**PROVIDED MATERIAL**
• • • • • • •
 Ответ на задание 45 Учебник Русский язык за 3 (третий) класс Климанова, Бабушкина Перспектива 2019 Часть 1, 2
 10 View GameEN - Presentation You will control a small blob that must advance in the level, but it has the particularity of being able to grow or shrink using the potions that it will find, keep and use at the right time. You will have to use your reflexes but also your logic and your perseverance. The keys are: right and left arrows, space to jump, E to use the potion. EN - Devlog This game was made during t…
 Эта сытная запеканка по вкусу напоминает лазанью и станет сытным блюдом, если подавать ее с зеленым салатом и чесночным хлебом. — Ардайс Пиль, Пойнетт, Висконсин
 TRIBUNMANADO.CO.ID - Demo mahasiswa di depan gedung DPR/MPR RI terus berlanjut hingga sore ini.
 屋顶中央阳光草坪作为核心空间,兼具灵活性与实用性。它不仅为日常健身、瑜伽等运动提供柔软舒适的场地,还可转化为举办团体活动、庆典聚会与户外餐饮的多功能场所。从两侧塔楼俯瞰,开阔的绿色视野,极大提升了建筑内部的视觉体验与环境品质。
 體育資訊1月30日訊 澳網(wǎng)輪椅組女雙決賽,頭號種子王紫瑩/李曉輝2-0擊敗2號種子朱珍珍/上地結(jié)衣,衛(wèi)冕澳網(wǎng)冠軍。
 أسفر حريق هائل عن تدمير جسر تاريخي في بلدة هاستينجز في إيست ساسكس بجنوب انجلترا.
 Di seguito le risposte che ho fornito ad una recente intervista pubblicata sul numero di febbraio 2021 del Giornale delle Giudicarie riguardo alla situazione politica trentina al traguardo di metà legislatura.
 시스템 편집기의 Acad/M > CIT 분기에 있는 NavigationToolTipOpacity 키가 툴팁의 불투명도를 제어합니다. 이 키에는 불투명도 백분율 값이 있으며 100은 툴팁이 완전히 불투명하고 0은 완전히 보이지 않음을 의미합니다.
• • • • • • •
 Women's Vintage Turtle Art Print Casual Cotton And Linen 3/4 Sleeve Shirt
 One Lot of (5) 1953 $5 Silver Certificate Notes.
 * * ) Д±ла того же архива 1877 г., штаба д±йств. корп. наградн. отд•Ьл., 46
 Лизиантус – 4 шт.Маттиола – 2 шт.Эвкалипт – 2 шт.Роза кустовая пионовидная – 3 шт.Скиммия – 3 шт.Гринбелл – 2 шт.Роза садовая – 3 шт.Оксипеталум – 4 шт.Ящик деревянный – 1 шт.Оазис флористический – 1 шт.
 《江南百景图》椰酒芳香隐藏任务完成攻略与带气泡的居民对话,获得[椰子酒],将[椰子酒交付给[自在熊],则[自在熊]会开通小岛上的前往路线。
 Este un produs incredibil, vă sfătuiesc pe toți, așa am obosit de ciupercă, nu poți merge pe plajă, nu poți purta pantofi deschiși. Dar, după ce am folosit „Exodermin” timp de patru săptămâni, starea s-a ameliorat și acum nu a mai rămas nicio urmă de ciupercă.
• • • • • • •
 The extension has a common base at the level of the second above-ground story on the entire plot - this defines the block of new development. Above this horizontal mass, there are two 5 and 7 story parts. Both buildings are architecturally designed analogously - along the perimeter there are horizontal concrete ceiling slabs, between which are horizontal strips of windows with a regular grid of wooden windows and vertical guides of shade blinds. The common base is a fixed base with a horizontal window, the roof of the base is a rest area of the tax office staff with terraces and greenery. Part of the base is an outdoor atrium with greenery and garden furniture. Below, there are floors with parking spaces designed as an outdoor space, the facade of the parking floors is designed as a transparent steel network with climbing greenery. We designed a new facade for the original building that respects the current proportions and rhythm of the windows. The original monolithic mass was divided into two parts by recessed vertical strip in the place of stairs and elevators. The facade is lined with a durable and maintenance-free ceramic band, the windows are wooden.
• • • • • • •
**GOAL OF THE EXERCISE**
Retype exactly the lines of the data above that fall between the line with "體育資訊1月30日訊 澳網(wǎng)輪" and the line with "시스템 편집기의 Acad/M", inclusive, and add nothing.

**THE ANSWER**
 體育資訊1月30日訊 澳網(wǎng)輪椅組女雙決賽,頭號種子王紫瑩/李曉輝2-0擊敗2號種子朱珍珍/上地結(jié)衣,衛(wèi)冕澳網(wǎng)冠軍。
 أسفر حريق هائل عن تدمير جسر تاريخي في بلدة هاستينجز في إيست ساسكس بجنوب انجلترا.
 Di seguito le risposte che ho fornito ad una recente intervista pubblicata sul numero di febbraio 2021 del Giornale delle Giudicarie riguardo alla situazione politica trentina al traguardo di metà legislatura.
 시스템 편집기의 Acad/M > CIT 분기에 있는 NavigationToolTipOpacity 키가 툴팁의 불투명도를 제어합니다. 이 키에는 불투명도 백분율 값이 있으며 100은 툴팁이 완전히 불투명하고 0은 완전히 보이지 않음을 의미합니다.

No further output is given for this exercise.